Segment Start: DATA EXCERPTS

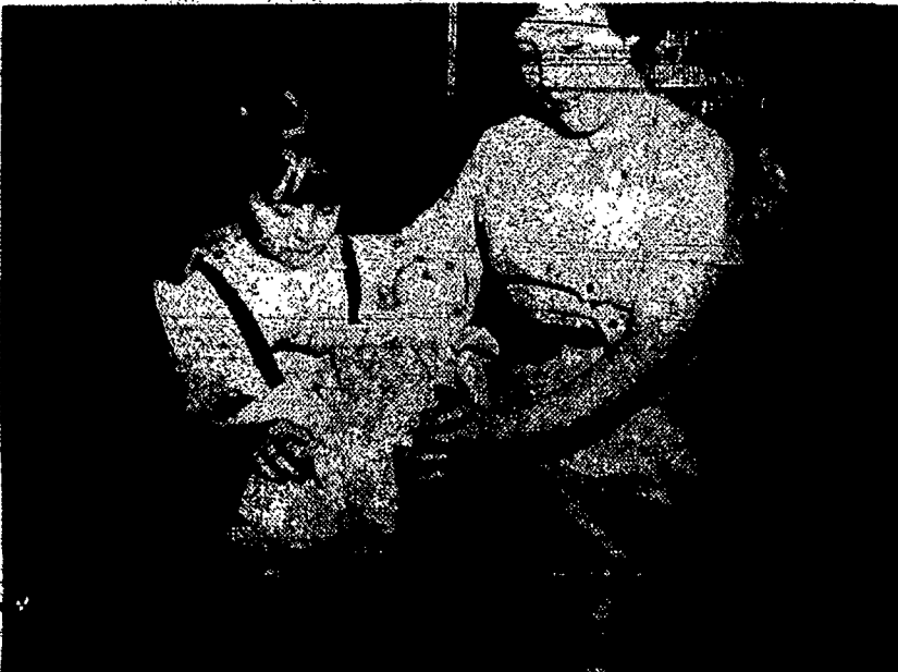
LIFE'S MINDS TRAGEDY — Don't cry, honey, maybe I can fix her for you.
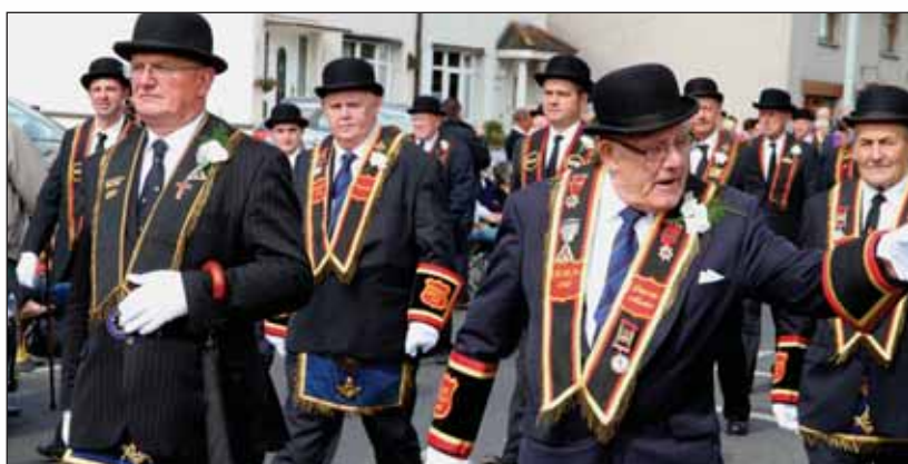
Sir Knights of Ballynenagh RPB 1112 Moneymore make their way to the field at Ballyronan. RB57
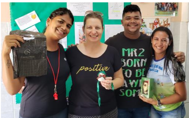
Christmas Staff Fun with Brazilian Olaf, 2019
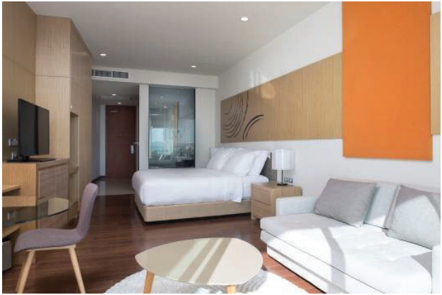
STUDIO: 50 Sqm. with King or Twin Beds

Segment End: DATA EXCERPTS
Segment Start: DATA EXCERPTS

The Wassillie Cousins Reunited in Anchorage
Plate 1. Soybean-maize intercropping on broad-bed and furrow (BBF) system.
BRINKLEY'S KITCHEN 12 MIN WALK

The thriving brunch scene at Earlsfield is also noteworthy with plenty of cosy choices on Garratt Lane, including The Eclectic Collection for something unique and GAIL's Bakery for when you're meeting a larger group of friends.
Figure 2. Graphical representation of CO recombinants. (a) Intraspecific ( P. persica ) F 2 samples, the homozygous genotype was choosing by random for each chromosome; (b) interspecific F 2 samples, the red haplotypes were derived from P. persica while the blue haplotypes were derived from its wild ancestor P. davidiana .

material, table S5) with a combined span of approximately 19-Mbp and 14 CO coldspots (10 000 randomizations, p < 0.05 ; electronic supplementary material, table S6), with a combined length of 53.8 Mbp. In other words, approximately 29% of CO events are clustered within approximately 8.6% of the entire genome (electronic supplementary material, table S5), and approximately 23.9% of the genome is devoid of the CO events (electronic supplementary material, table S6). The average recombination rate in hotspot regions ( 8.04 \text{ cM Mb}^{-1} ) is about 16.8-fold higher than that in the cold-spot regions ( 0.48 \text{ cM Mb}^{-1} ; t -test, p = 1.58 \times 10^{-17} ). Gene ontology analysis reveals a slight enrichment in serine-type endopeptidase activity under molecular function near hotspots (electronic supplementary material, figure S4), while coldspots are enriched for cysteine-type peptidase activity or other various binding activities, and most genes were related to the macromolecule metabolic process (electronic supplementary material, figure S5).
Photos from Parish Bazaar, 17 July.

Segment End: DATA EXCERPTS
Segment Start: DATA EXCERPTS

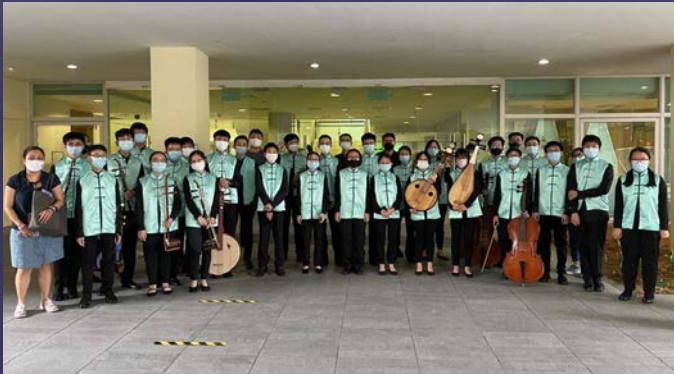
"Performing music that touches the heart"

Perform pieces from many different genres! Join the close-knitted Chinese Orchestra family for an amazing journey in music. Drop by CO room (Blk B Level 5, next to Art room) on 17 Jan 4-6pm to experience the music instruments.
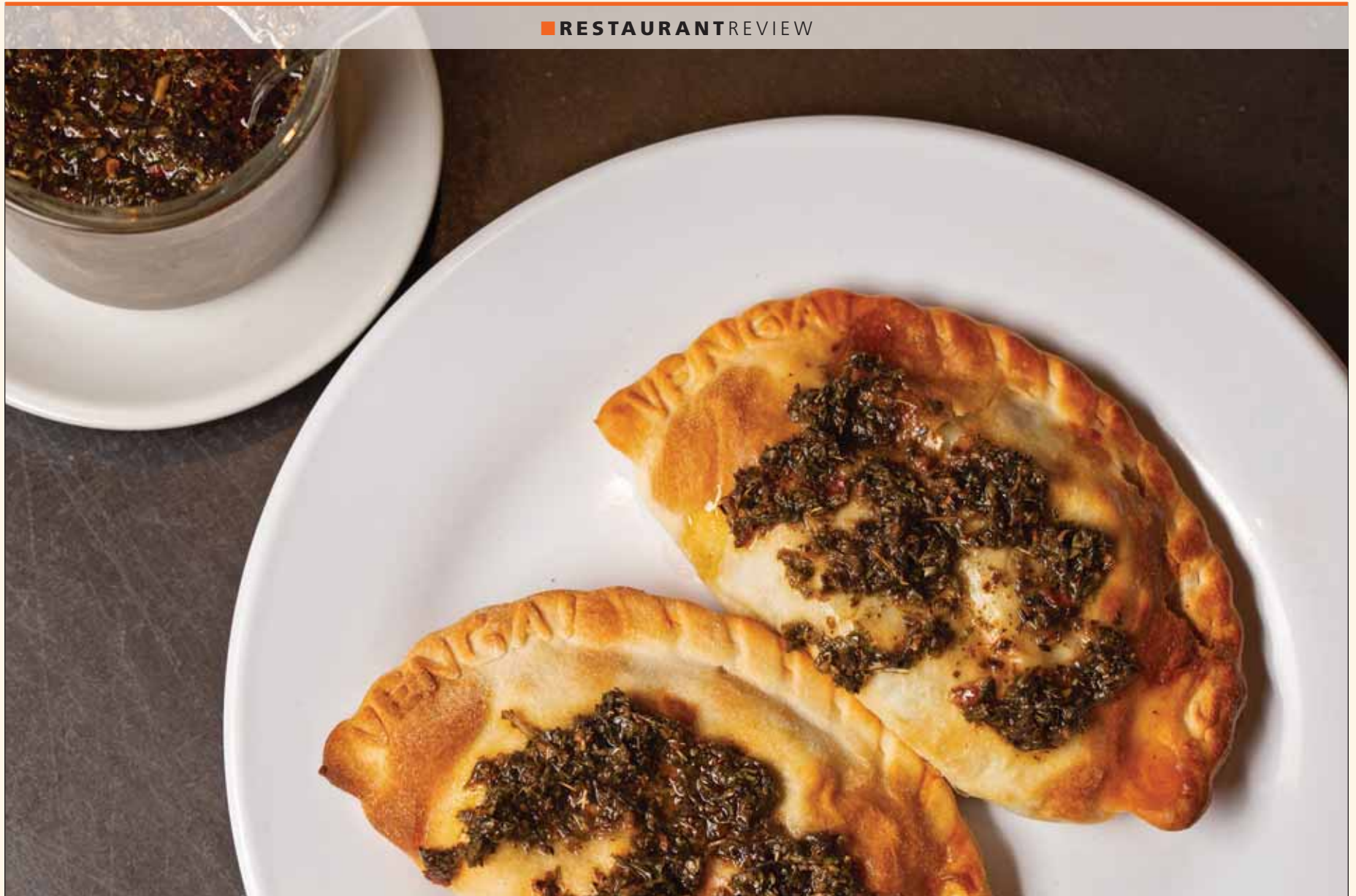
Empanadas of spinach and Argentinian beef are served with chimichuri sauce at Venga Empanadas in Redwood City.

Segment End: DATA EXCERPTS

TASK -
Among the entries, find every line holding "were" and return it.

WRITTEN SOLUTION -
Figure 2. Graphical representation of CO recombinants. (a) Intraspecific ( P. persica ) F 2 samples, the homozygous genotype was choosing by random for each chromosome; (b) interspecific F 2 samples, the red haplotypes were derived from P. persica while the blue haplotypes were derived from its wild ancestor P. davidiana .
material, table S5) with a combined span of approximately 19-Mbp and 14 CO coldspots (10 000 randomizations, p < 0.05 ; electronic supplementary material, table S6), with a combined length of 53.8 Mbp. In other words, approximately 29% of CO events are clustered within approximately 8.6% of the entire genome (electronic supplementary material, table S5), and approximately 23.9% of the genome is devoid of the CO events (electronic supplementary material, table S6). The average recombination rate in hotspot regions ( 8.04 \text{ cM Mb}^{-1} ) is about 16.8-fold higher than that in the cold-spot regions ( 0.48 \text{ cM Mb}^{-1} ; t -test, p = 1.58 \times 10^{-17} ). Gene ontology analysis reveals a slight enrichment in serine-type endopeptidase activity under molecular function near hotspots (electronic supplementary material, figure S4), while coldspots are enriched for cysteine-type peptidase activity or other various binding activities, and most genes were related to the macromolecule metabolic process (electronic supplementary material, figure S5).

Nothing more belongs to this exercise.